Start of Records provided

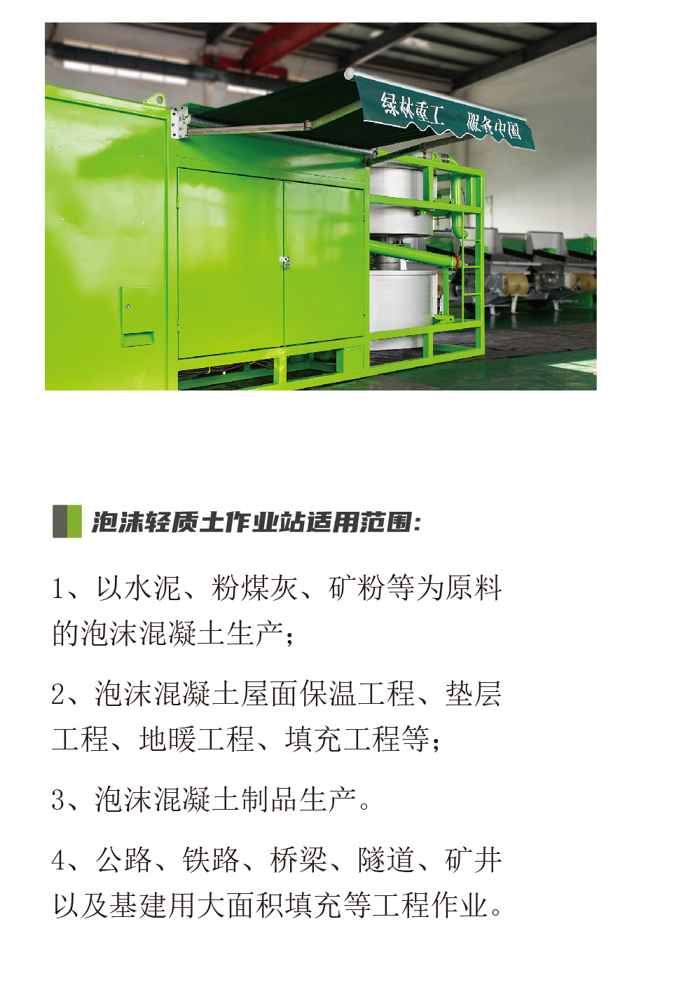 LV-FP-80C泡沫轻质土作业站:既可用于高速路桥头桥背填充,高速路拓宽等,又可用于屋面保温施工等,一机多用。
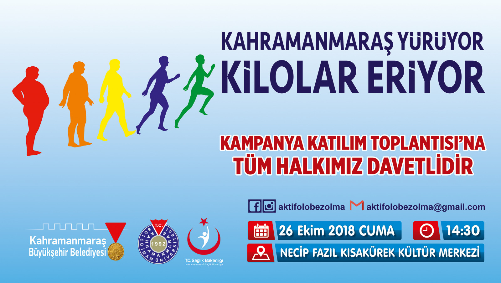 Büyükşehir Belediyesi son olarak Sütçü İmam Üniversitesi ve Sağlık İl Müdürlüğüyle ortaklaşa çalışma gerçekleştirerek bir kampanya düzenledi. “Sağlıklı beslen hareket et obez olma” ve “Kahramanmaraş yürüyor kilolar eriyor” sloganları ile Kahramanmaraş’ta obeziteye karşı farkındalık oluşturmak üzere düzenlenen kampanya için 26 Ekim Cuma günü saat 14.30’da Necip Fazıl Kısakürek Kültür Merkezinde bir tanıtım toplantısı gerçekleştirilecek.
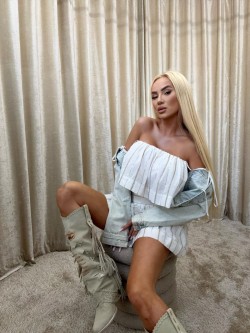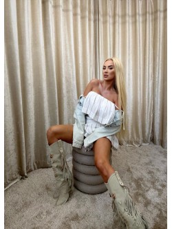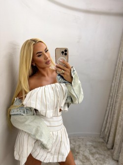 Top wykonany w 100% z bawełnianego batystu w ecru kolorze, który zdobiony jest złotymi, mieniącymi się aplikacjami. Top ma luźny krój a pod spodem znajduje się biała podszewka/top z wszytą gumką na górze jak i na dole. Top ma wszyte sznurki do zawiązania na ramionach.
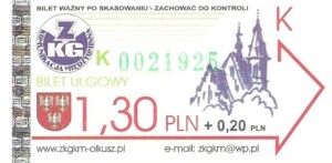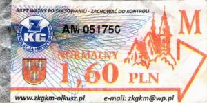 Uwaga: Bilety na linię miejską M mogą nie posiadać herbu
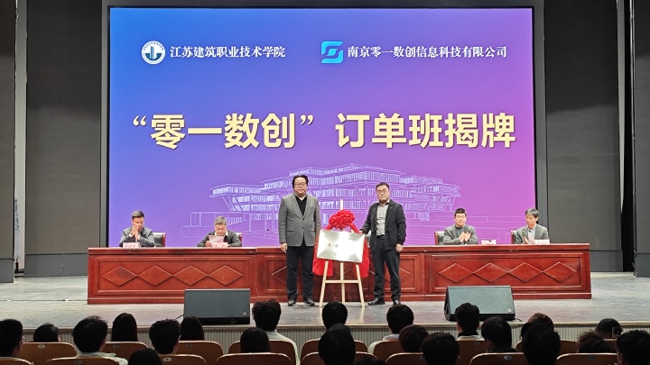 11月11日,学校与南京零一数创信息科技有限公司共建“零一数创”订单班正式开班。校党委委员、副校长刘海波出席开班典礼并讲话,南京零一数创信息科技有限公司总经理王龙飞出席并致辞。教务处、科技开发与对外合作处负责人,建筑建造学院班子成员、全体教师、2024级和2025级全体同学参加。
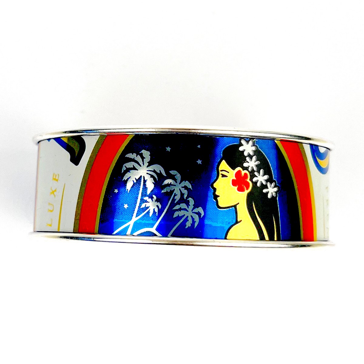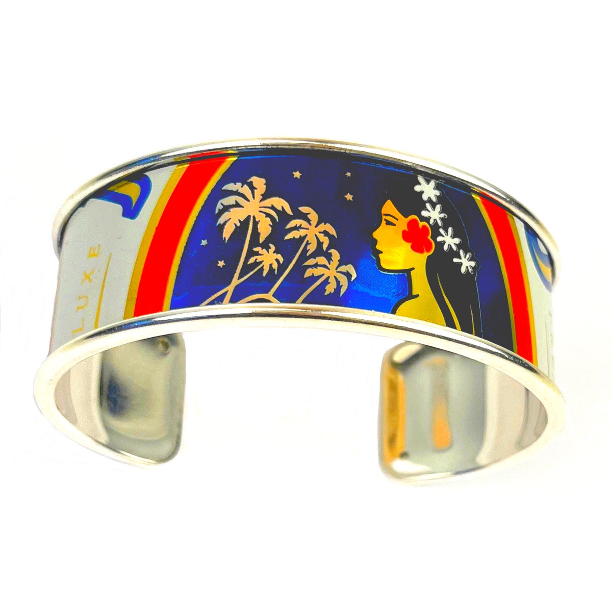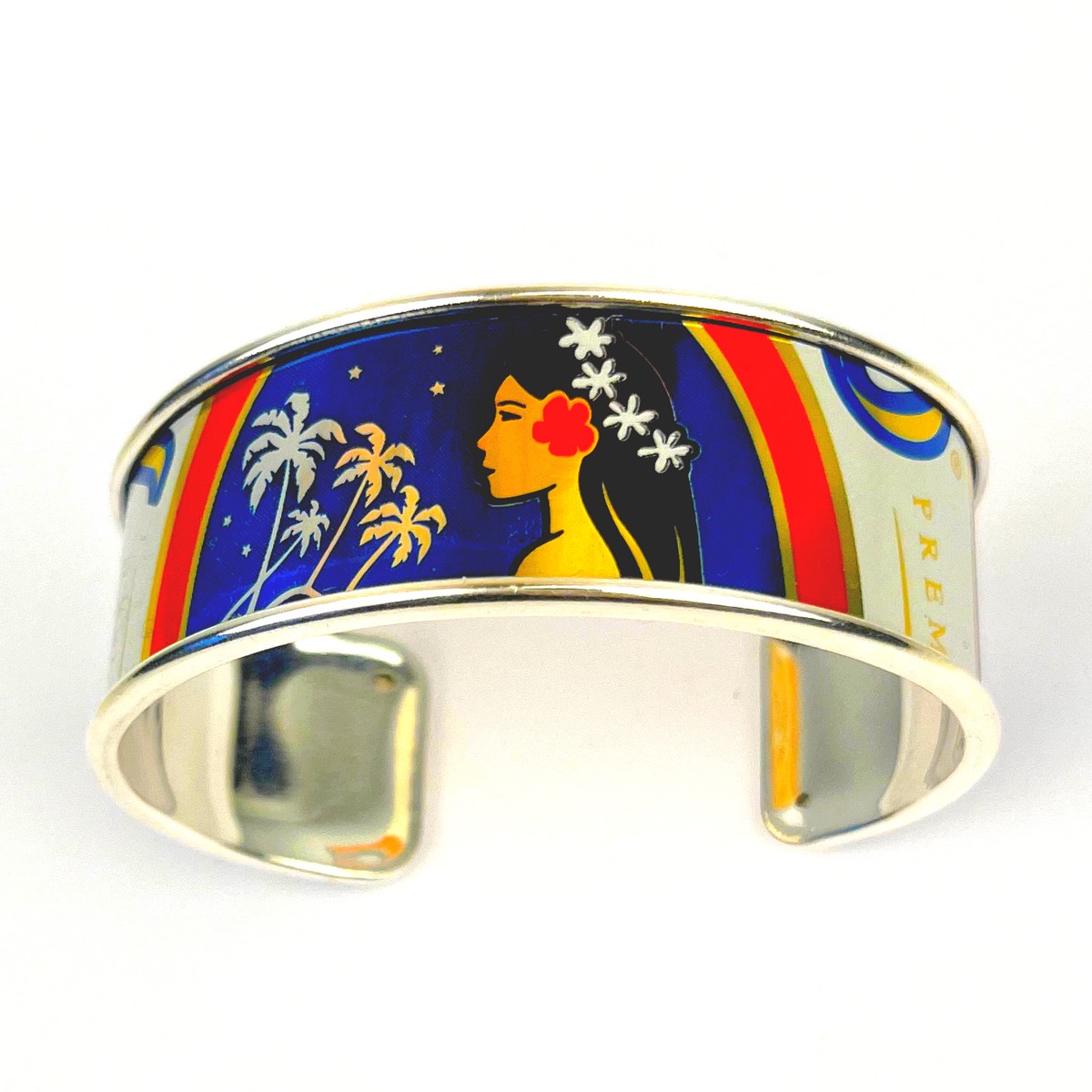 Manchette en canette upcyclée motif Tahitienne version L.
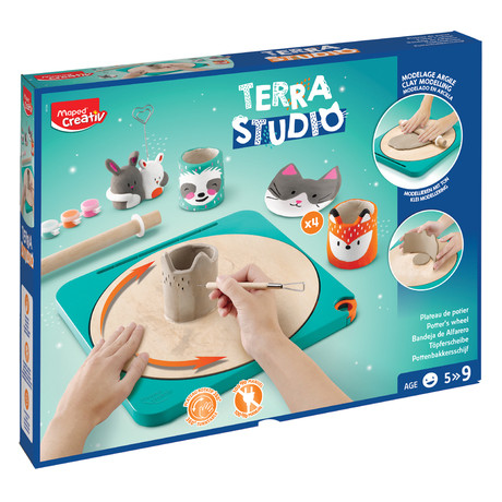 Περιεχόμενα: 1 χειροκίνητος τροχός κεραμικής, 1 κιλός πηλός, 1 κύλινδρος μοντελοποίησης
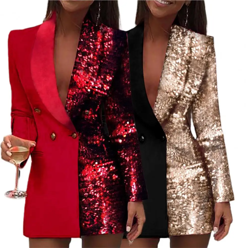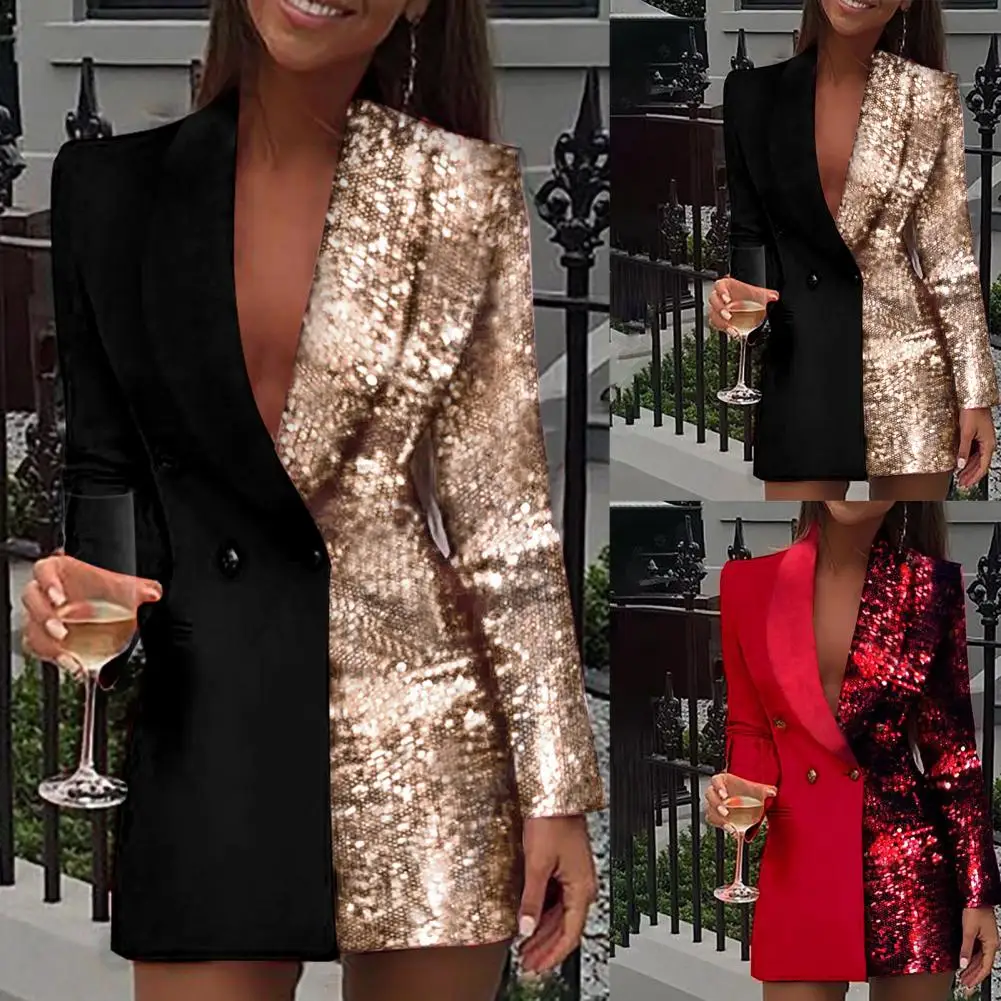 «Women Dress Deep V Neck Sequined Autumn Winter Sexy Contrast Color Work Formal Dress for Party» по лучшей цене на рынке! Всего за 14$ (1330рублей)
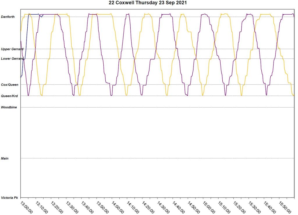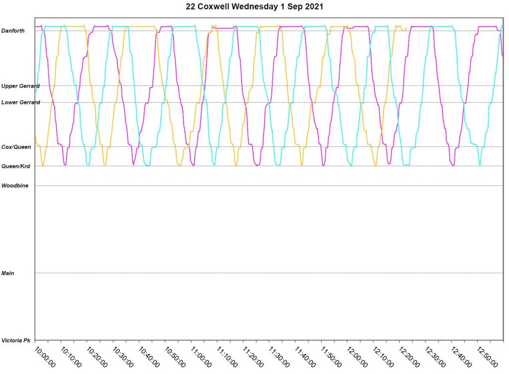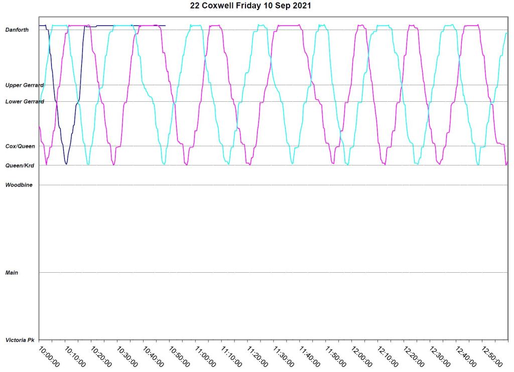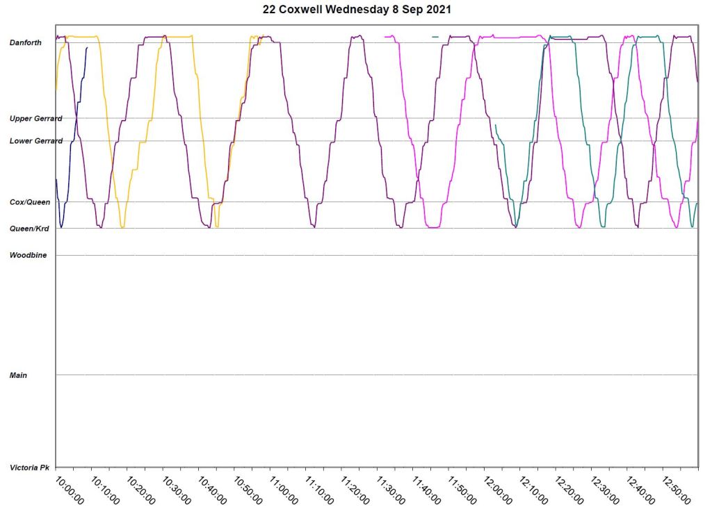 - At about 12:40pm, “purple” disappears for one trip at Coxwell Station, but reappears at about 1:30pm. This is likely a crew change problem.
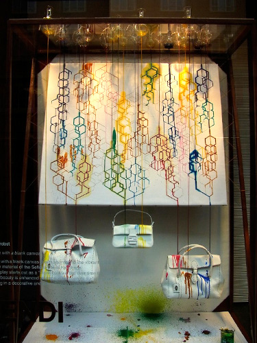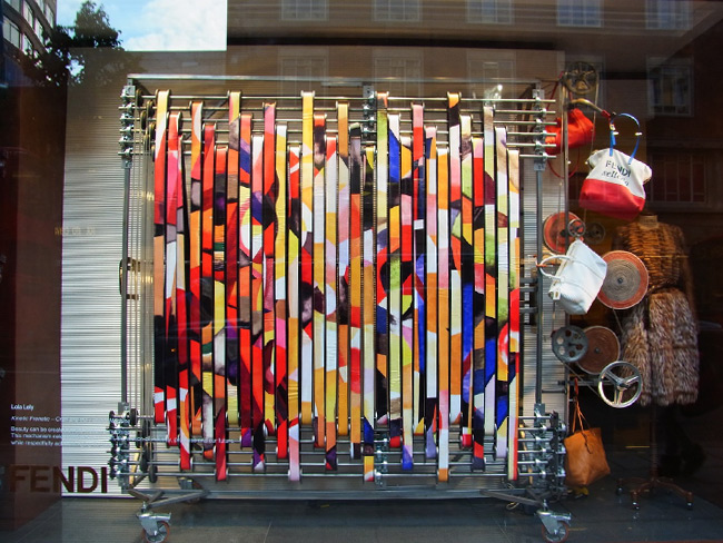 さて、デザインフェスティバルに話しを戻します。続いて注目した作品は、スローンストリートにオープンした新しいFENDIのショップです。そのグランドオープンとデザインフェスティバルを記念したもので、ショップ自体のデザインはPeter Marinoによるものなんですが、ウィンドウディスプレイとショップディスプレイをなんとロイヤルカレッジオブアートのプロダクトデザイン科の学生に任せようという企画です。

End of Records provided

__What to work on__: The expected output is every record above, copied exactly, without pictures.

__Solved exercise__:
 LV-FP-80C泡沫轻质土作业站:既可用于高速路桥头桥背填充,高速路拓宽等,又可用于屋面保温施工等,一机多用。
 Büyükşehir Belediyesi son olarak Sütçü İmam Üniversitesi ve Sağlık İl Müdürlüğüyle ortaklaşa çalışma gerçekleştirerek bir kampanya düzenledi. “Sağlıklı beslen hareket et obez olma” ve “Kahramanmaraş yürüyor kilolar eriyor” sloganları ile Kahramanmaraş’ta obeziteye karşı farkındalık oluşturmak üzere düzenlenen kampanya için 26 Ekim Cuma günü saat 14.30’da Necip Fazıl Kısakürek Kültür Merkezinde bir tanıtım toplantısı gerçekleştirilecek.
 Top wykonany w 100% z bawełnianego batystu w ecru kolorze, który zdobiony jest złotymi, mieniącymi się aplikacjami. Top ma luźny krój a pod spodem znajduje się biała podszewka/top z wszytą gumką na górze jak i na dole. Top ma wszyte sznurki do zawiązania na ramionach.
 Uwaga: Bilety na linię miejską M mogą nie posiadać herbu
 11月11日,学校与南京零一数创信息科技有限公司共建“零一数创”订单班正式开班。校党委委员、副校长刘海波出席开班典礼并讲话,南京零一数创信息科技有限公司总经理王龙飞出席并致辞。教务处、科技开发与对外合作处负责人,建筑建造学院班子成员、全体教师、2024级和2025级全体同学参加。
 Manchette en canette upcyclée motif Tahitienne version L.
 Περιεχόμενα: 1 χειροκίνητος τροχός κεραμικής, 1 κιλός πηλός, 1 κύλινδρος μοντελοποίησης
 «Women Dress Deep V Neck Sequined Autumn Winter Sexy Contrast Color Work Formal Dress for Party» по лучшей цене на рынке! Всего за 14$ (1330рублей)
 - At about 12:40pm, “purple” disappears for one trip at Coxwell Station, but reappears at about 1:30pm. This is likely a crew change problem.
 さて、デザインフェスティバルに話しを戻します。続いて注目した作品は、スローンストリートにオープンした新しいFENDIのショップです。そのグランドオープンとデザインフェスティバルを記念したもので、ショップ自体のデザインはPeter Marinoによるものなんですが、ウィンドウディスプレイとショップディスプレイをなんとロイヤルカレッジオブアートのプロダクトデザイン科の学生に任せようという企画です。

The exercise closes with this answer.